Copenhagens Setech: knowledge management

Showing posts with label knowledge management. Show all posts

Wednesday, October 17, 2007

Trying OmniFind Yahoo Search

When looking for Windows search util solutions, I stumbled upon OmniFind, which seemed too good to be true:
Install it in 3 clicks, configure it in minutes.
Free, searches up to 500,000 documents.
Search both the enterprise and the Internet from a single interface.
Incorporates open source Apache Lucene technology to deliver the best of community innovation with IBM's enterprise features.
But OmniFind was exactly like that! Downloading, installing, configuring, testing indexing a website and a filesystem location, all done in 15 minutes!

The server OS requirements are not my favorite, but for the enterprise it makes sense, and expected when it comes to IBM. Their favorites are of course Redhat and Suse. Too bad for me, my favorite Linux being Debian, and of course i always vouch for FreeBSD.
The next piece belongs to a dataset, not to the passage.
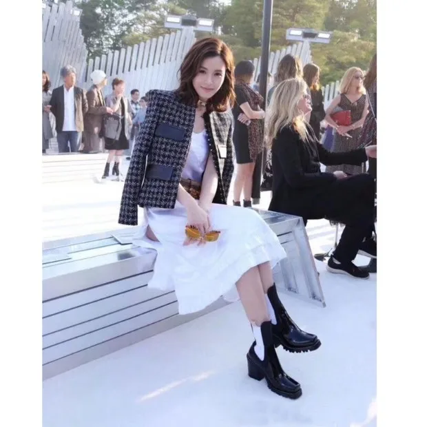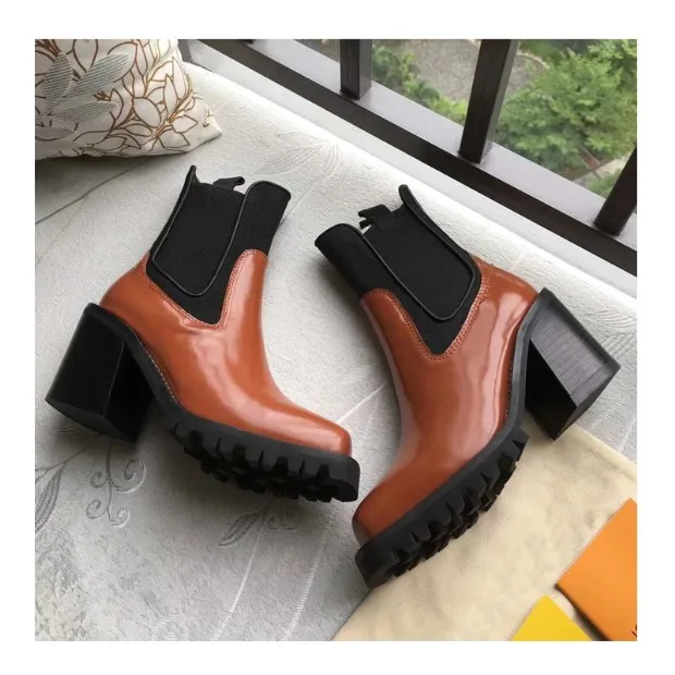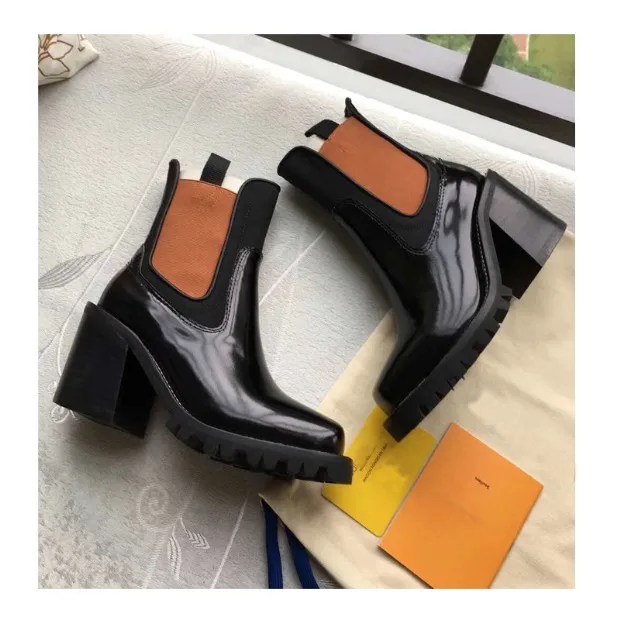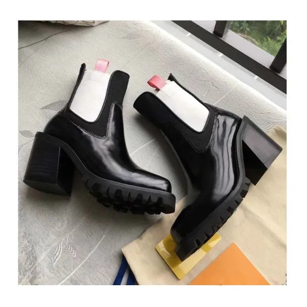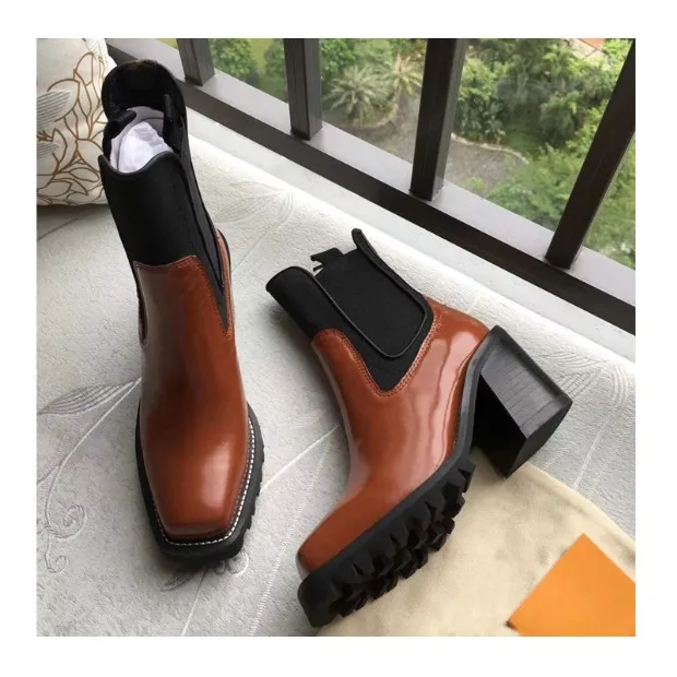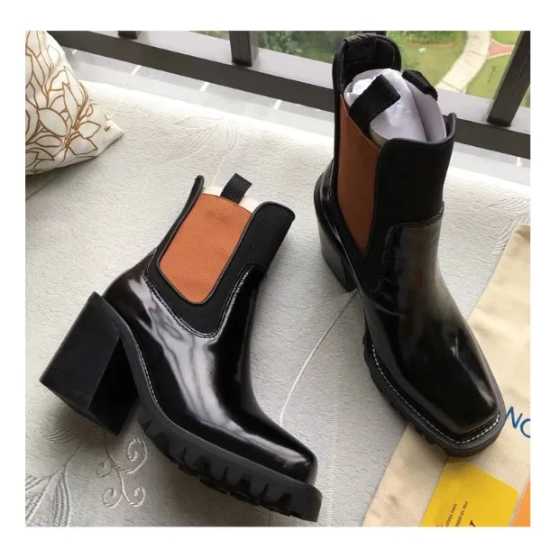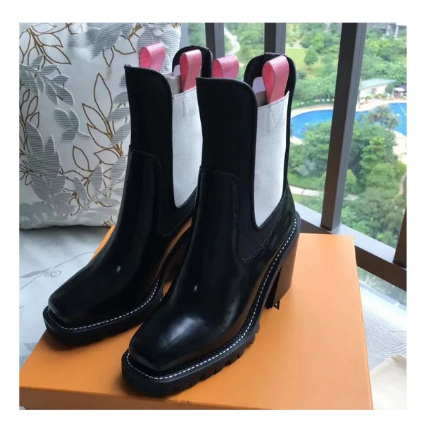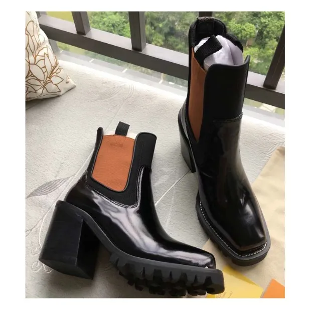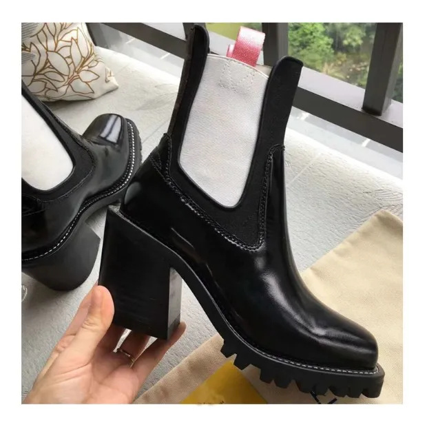 2018 Hot Autumn Winter Shoes Woman Leather Ankle Boots Square Chunky Heels Square Toe Chelsea Boots Design Woman Booties Tide

32-bit Red Hat Enterprise LinuxVersion 4, Update 3
32-bit SUSE Linux Enterprise 10
32-bit Windows XP SP2
32-bit Windows 2003 Server SP1

Some notes from the testing so far:

Indexing filesystems, with .doc, .xls, works like a charm, and the search results can be browsed "as html" and "cached". Very useful!

OmniFind installs as its own webservice, on a port of your choice. I changed the search page appearance with company logo and disabled all the Yahoo links. All very simple from the OmniFind admin control panel!

Searching for a string inside any word, you should add a wildcard. For example you should search "regression*" to make sure you locate occurrancies of "regressions".

Reindexing seems to be something you have to wrap into your own scripts, and schedule them, eg. with at jobs.

You can use scripts to start or stop a crawler.
Crawler management scripts allow you to schedule and execute start and stop crawler actions, or start and stop a crawler from the command line.

Cleaning the index for documents that should not be crawled is not so friendly. It seems you have to delete the entire source, eg. website, then crawl it again. It can be tiresome if it is a big website.

The language pack should be installed before you start crawling your big sources, as you will have to do it all over again when then language pack has been installed.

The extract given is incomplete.